Wednesday, June 27, 2012

chad is rad.

Image source from the pumpkinbear shop on etsy :) 
Well, I don't know much about Chad (knew even less before sleuthing around for this blog post!) but it's somewhere I should know more about - especially with a former president, Hissene Habre, (soon?) to go on trial in Senegal for crimes against humanity.  (their current president, Idriss Deby, is one of Africa's enduring dictators...).

But look at the mountains below!  While it doesn't look like Chad is equipped with the infrastructure for  tourism, (and is suffering from food insecurity like many countries in the Sahel) I bet it gets some adventure travelers seeking a thrill.  Here are some neat sounding places to visit (I'd love to see a hippo though it seems their numbers are dwindling...).
Image source.  While I don't know if I could cut it out there - it would be cool to go to the actual source.
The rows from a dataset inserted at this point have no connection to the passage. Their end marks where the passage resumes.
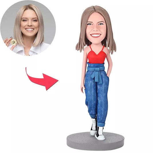Modern Woman Walking Custom Bobblehead Clay Dolls
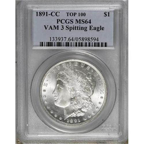 <B>1891-CC $1 MS64 PCGS.</B></I> VAM-3. A Top 100 Variety. The "Spitting Eagle". Silver-gray surfaces yield pleasing luster and well struck design elements. A few minute marks define the grade. Population: 20 in 64, 5 finer (1/08).<BR><BR><b>Shipping:</b> Coins & Currency (<a target="_blank" href="http://www.heritageauctions.com/common/shipping.php">view shipping information</a>)
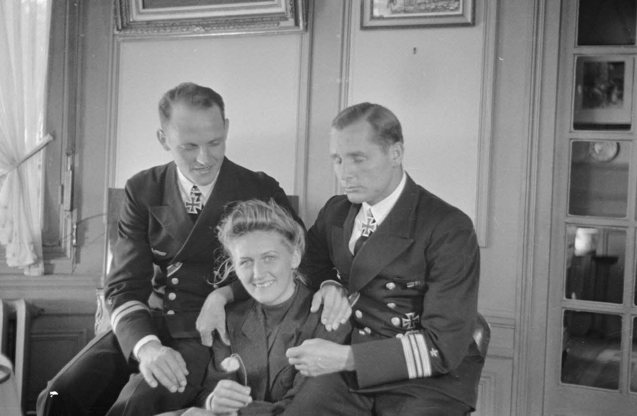Les lieutenants (Oberleutnant zur See) Erich Topp, commandant du sous-marin U-552 et Engelbert Endrass, commandant du sous-marin U-46, en compagnie d'une jeune femme.

Gorgeous!
Image source
Though the writing is a bit off, here's a happy article about a Nigerian student at Johns Hopkins University.  Relevance = Nigeria touches a tiny corner of Chad (Chad's mid-SW side).  Do you think Chad is Rad??

Tuesday, June 26, 2012

ultimately yours.


Image source.
This will be me today as I get back on the frisbee field after a 4 year hiatus (eee!).  OK, so it's more likely that I'll be doing something a little less intense than what's pictured above but you get the idea :)  I'm joining a pick-up group that meets on the lawn by the Smithsonian and I'm excited! 

Any DC recommendations?  I'm on the lookout for a bike and a Community Supported Agriculture group to join if you have any tips!

Friday, June 22, 2012

have a sweet weekend.


Image Source
Today kicks off my first weekend living in Washington, DC (the Capitol is right around the corner from my office - really makes me feel like I'm living in the capital!).  At lunch today, Benevolent Media ("a celebration of storytelling and design for good") kicked off their 2nd annual festival with a panel of video/video related presenters working in the NGO/international development field right here in the WRI office.  I'm looking forward to more presentations like it, which seem to happen often around here.  It was neat to hear from a wide range of people involved in the process and get their insider scoop on video-making and NGO work. 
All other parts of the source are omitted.